I really enjoy working with IELTS students especially those who need very high bands such as 7 or 8 in every part of the test. For these students IELTS is very challenging as they need to keep all the balls in the air at the same time and this requires a lot of discipline and practice.
Most of the work done with IELTS students is online but for some students online is not their preferred method of study or they want to come to the UK to experience more of an immersion in English as well as prepare their IELTS skills for the exam. To date, students choosing our IELTS Workshops have come from Western Europe, the Middle East, India, Nepal and Russia.

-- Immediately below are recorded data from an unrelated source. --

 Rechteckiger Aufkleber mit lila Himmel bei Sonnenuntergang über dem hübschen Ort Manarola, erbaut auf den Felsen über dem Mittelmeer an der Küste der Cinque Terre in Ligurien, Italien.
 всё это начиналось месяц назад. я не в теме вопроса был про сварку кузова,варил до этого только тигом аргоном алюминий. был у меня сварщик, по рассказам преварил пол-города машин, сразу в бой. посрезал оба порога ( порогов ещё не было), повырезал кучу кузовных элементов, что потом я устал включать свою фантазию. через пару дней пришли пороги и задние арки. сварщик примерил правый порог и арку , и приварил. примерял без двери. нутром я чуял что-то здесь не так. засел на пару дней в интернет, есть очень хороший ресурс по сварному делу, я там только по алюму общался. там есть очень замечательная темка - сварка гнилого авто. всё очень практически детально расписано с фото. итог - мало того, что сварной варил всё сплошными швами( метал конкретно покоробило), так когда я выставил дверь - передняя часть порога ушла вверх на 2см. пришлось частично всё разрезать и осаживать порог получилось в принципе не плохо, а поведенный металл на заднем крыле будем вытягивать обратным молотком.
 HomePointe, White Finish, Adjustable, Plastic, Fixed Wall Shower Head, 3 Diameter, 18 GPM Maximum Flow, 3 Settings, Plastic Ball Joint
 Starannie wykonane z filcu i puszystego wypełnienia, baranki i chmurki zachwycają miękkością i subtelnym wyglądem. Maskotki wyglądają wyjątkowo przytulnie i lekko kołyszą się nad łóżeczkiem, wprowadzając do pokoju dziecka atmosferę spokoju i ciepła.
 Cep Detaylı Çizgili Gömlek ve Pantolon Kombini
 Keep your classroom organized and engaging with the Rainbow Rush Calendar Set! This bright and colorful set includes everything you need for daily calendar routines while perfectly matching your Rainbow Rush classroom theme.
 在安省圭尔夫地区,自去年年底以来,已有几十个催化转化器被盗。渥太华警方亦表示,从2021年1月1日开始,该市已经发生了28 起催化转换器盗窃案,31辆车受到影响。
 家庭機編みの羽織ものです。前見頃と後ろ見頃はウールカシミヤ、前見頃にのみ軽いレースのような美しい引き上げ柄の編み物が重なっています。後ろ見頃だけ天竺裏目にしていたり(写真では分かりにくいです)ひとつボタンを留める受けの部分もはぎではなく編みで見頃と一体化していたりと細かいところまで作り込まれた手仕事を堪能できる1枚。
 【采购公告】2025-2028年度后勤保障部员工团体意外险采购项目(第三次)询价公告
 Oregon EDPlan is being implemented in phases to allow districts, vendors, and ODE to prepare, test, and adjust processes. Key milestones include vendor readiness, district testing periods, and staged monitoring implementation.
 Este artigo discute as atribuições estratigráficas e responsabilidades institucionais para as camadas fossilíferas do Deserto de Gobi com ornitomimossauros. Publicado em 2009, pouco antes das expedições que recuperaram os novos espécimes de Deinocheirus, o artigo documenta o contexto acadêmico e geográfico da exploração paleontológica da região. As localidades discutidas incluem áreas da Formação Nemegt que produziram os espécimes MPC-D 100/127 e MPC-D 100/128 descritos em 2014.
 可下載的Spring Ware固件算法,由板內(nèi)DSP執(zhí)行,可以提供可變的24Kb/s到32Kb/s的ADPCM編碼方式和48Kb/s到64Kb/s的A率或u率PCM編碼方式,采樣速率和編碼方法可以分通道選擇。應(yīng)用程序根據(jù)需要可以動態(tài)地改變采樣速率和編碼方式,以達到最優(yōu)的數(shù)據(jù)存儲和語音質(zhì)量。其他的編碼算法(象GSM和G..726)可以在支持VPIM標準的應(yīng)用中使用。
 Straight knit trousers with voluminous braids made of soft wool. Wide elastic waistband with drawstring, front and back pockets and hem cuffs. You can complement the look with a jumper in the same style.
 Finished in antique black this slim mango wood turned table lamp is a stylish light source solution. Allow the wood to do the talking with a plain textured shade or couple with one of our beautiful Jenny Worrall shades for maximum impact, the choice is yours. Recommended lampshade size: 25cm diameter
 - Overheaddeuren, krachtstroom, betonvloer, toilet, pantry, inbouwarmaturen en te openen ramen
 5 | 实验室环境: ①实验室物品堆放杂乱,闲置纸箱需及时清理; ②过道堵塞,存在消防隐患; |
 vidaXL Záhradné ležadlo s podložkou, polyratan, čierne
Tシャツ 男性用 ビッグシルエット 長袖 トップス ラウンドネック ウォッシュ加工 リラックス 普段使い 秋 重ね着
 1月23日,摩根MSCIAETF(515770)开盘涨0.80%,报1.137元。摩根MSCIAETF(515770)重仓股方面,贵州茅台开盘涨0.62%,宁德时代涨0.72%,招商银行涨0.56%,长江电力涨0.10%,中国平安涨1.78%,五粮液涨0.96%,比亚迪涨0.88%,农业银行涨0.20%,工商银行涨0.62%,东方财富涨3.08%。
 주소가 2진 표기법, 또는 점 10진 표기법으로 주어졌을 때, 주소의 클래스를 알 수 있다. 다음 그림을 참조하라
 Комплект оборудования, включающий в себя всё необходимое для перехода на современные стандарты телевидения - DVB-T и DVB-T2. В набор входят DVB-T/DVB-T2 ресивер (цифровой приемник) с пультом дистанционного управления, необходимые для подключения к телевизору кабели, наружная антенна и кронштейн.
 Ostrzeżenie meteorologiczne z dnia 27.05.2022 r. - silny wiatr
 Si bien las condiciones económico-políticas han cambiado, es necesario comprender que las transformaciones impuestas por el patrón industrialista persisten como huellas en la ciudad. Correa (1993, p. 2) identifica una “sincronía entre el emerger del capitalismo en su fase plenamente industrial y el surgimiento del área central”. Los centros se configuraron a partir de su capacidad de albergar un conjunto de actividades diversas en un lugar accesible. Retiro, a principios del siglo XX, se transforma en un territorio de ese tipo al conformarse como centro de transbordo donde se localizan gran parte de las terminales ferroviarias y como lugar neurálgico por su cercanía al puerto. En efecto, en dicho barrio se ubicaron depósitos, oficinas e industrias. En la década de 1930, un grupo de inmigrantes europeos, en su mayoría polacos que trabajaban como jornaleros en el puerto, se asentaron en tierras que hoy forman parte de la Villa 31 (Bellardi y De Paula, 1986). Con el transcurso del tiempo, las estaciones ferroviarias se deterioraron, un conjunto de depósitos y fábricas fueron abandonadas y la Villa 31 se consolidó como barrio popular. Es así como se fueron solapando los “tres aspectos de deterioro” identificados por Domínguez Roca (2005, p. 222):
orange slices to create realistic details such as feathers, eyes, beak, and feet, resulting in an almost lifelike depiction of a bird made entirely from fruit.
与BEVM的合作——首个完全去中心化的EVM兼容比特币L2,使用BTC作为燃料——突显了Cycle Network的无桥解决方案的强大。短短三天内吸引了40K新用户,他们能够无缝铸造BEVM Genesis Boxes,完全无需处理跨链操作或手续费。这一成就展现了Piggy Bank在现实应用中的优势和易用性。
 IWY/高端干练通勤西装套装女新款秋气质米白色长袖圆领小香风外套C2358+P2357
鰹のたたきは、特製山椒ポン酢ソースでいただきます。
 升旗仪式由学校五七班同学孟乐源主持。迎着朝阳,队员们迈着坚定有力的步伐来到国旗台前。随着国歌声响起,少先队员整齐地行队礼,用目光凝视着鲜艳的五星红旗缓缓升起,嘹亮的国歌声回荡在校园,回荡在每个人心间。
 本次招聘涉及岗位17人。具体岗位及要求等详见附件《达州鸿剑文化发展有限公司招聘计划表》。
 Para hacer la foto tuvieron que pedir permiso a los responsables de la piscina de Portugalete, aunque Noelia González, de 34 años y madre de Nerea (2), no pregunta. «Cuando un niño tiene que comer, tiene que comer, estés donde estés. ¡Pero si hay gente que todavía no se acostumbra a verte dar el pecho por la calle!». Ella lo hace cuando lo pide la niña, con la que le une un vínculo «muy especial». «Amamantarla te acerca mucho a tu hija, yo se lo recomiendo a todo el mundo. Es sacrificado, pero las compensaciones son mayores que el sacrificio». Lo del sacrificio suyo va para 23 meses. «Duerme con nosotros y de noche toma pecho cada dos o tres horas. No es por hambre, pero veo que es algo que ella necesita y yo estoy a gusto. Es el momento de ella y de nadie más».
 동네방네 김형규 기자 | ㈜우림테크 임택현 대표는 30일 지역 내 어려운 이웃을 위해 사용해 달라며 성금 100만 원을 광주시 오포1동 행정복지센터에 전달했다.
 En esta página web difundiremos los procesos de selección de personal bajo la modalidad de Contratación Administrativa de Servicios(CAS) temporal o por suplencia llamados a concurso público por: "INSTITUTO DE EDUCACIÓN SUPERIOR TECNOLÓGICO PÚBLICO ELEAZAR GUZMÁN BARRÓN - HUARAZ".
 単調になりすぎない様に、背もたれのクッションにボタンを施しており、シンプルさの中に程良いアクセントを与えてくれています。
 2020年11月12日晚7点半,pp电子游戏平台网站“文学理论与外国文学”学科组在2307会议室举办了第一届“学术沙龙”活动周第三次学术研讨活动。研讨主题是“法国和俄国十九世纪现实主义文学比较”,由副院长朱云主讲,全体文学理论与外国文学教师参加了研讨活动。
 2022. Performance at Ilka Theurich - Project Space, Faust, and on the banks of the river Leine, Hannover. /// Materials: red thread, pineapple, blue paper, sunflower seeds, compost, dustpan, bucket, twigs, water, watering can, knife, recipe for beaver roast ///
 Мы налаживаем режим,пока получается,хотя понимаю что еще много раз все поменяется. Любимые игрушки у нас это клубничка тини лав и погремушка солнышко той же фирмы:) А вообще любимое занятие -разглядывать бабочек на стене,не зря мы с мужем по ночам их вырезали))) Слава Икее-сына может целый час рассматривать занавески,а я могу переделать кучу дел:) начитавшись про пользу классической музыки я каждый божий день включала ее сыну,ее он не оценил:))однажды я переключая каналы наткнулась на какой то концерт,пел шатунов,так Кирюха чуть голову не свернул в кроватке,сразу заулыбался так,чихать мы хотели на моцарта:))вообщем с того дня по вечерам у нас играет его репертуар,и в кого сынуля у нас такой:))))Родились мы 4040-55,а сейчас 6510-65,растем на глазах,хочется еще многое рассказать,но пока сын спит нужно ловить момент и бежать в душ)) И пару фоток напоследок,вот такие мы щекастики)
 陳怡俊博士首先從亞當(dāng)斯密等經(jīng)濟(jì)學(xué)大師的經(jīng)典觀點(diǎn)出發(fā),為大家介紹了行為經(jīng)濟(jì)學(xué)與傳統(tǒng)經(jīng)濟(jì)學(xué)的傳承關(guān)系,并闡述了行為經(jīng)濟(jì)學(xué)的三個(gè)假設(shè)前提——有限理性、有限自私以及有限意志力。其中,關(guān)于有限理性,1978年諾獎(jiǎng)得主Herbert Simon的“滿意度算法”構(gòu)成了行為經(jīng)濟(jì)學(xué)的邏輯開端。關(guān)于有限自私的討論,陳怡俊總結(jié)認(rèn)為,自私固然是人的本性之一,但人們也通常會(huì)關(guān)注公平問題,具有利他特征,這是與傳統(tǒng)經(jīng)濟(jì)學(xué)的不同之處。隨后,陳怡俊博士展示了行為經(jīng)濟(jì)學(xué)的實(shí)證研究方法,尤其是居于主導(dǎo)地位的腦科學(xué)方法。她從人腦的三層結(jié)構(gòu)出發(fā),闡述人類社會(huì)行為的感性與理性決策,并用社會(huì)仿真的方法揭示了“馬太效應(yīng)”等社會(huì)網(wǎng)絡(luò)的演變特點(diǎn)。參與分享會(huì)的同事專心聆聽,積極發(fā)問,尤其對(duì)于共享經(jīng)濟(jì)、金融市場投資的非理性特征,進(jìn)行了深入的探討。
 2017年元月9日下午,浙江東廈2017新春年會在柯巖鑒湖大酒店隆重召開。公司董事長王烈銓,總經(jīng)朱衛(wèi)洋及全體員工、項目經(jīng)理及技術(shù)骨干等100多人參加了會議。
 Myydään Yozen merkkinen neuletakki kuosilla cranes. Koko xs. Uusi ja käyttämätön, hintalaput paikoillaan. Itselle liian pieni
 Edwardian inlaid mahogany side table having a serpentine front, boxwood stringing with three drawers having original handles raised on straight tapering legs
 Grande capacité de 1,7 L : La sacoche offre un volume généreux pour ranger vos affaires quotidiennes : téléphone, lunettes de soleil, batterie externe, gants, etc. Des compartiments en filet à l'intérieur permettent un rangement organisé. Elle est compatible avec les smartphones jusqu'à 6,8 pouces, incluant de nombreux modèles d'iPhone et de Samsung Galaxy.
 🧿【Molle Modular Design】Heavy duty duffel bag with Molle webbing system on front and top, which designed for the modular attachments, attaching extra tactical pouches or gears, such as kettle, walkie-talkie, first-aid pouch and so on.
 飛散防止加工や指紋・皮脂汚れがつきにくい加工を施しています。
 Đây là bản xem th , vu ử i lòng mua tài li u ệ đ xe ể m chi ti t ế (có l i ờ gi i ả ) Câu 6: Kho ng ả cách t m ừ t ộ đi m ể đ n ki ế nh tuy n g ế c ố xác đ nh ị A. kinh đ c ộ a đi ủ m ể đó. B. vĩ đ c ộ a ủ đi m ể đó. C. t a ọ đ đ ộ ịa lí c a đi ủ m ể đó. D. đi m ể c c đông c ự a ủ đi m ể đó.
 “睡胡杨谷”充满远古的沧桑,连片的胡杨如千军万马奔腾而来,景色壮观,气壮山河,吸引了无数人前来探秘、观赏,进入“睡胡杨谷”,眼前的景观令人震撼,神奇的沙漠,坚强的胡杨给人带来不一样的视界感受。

The main advantage of an immersion IELTS workshop over an online course is the fact that here English is being used all day even outside of the lessons which allows the students to get into the habit of hearing, speaking and generally absorbing English which helps to boost their IELTS skills too.
IELTS Intensive Workshops are, “as it says on the tin” – intensive – typically around 6 hours per day are spent in learning. This includes, as well as actual practice of the IELTS components, work on techniques and strategies to achieve the high bands that our students must have for their next step in life be that a career overseas, a high-level university course or the move to an English speaking country. We also give out homework for self-study so the days are packed with study.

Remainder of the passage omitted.